Hans-Georg Maaßen im Visier: Zersetzung
Geheimdienstarbeit gegen Oppositionelle
von Christian Paulwitz drucken
In den 90er Jahren habe ich einmal die Leipziger Außenstelle des Stasi-Unterlagen-Archivs besucht. Sehr eindrucksvoll war der Gang durch die Räume mit Schränken voller Karteikarten. Um das System der Stasi zu illustrieren, wurden bei der Führung Anekdoten der Bespitzelung erzählt, die sich in den Dokumenten der Karteien niederschlugen.
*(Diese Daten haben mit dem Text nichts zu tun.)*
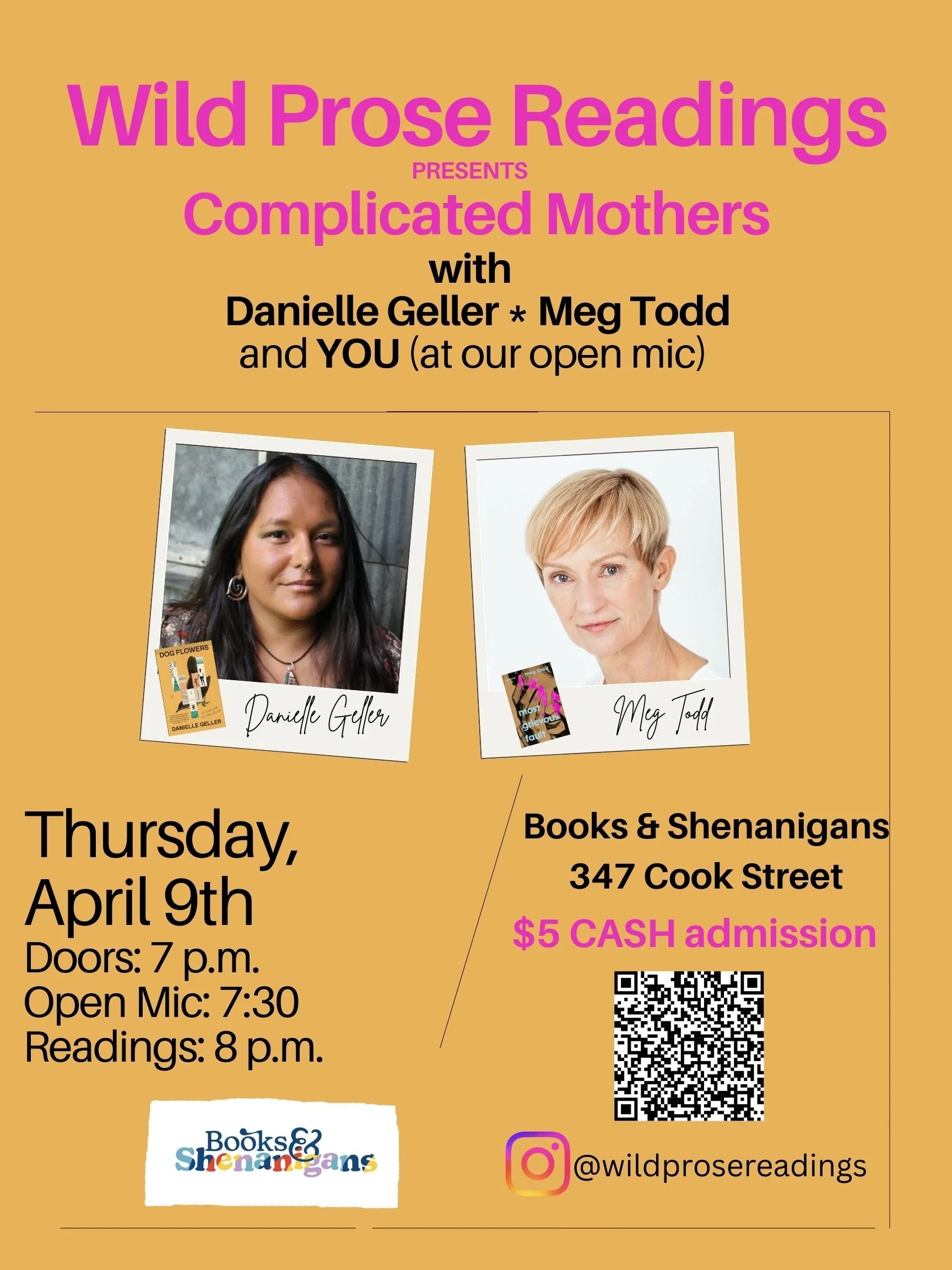 Please join us on Thursday, April 9th for Complicated Mothers with Danielle Geller and Meg Todd. Danielle Geller will read from her memoir, Dog Flowers, and Meg Todd will read from her debut novel, Most Grievous Fault. We’ll finish with a Q&A with the authors.
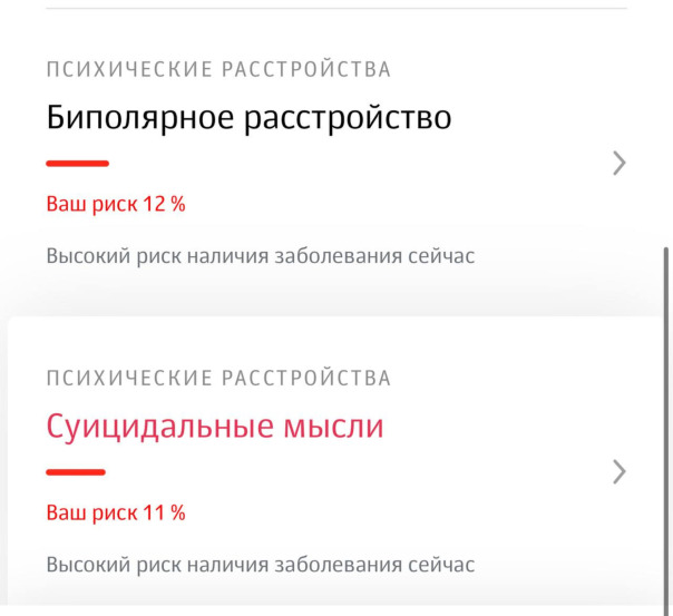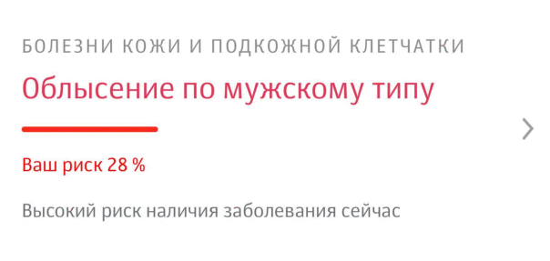 ![]() Слава также узнал о вероятностях развития некоторых заболеваний: риск облысения составляет 28%, биполярного расстройства — 12%, а склонности к суицидальным мыслям — 11%. |
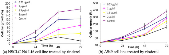 Result of continuous growth kinetics of NSCLC-N6-L16 (a) and the line A549 (b) cell lines after treatment with different concentrations of rinderol in a period of 72 h.
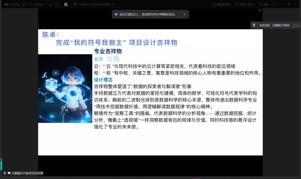 第二组李诗琦组(大数据231李诗琦、大数据231宋佳蓉、大数据232胡磊、大数据232刘世豪),本周扎实推进实践筹备工作,核心完成“我的符号我做主”主题相关任务,利用AI技术制作实践吉祥物,同时积极开展志愿服务的各项准备工作,为后续志愿服务顺利开展筑牢基础。
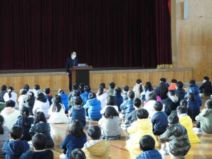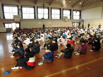 いよいよ3学期がスタートしました。3学期始業式は1組、3・4年生が体育館で、他の学年は教室で参加しました。

So wurde der Zettel einer Sekretärin vorgezeigt, der dank eines aufmerksamen sozialistischen Mitarbeiters und wachsamen Kämpfers für den Antifaschismus von ihrem Schreibtisch aus den Weg zur Staatssicherheit fand. Da der Zettel in einer individuellen stenografischen Schreibweise abgefasst war, konnte er nicht auf Anhieb entschlüsselt werden, was das beobachtete Objekt um so verdächtiger machte. Daher benötigte der Apparat weitere Erkenntnisse, um sich vor möglichen konterrevolutionären Umtrieben zu schützen, und beobachtete fortan entsprechend die Zielperson und ihr Umfeld. Einmal in Tätigkeit versetzt, war der paranoide Apparat kaum noch zurückzunehmen, selbst als sich die Indizien zunehmend erhärteten, dass es sich bei dem verdächtigen Zettel um die stichpunktartige Niederschrift eines Kochrezepts gehandelt hatte.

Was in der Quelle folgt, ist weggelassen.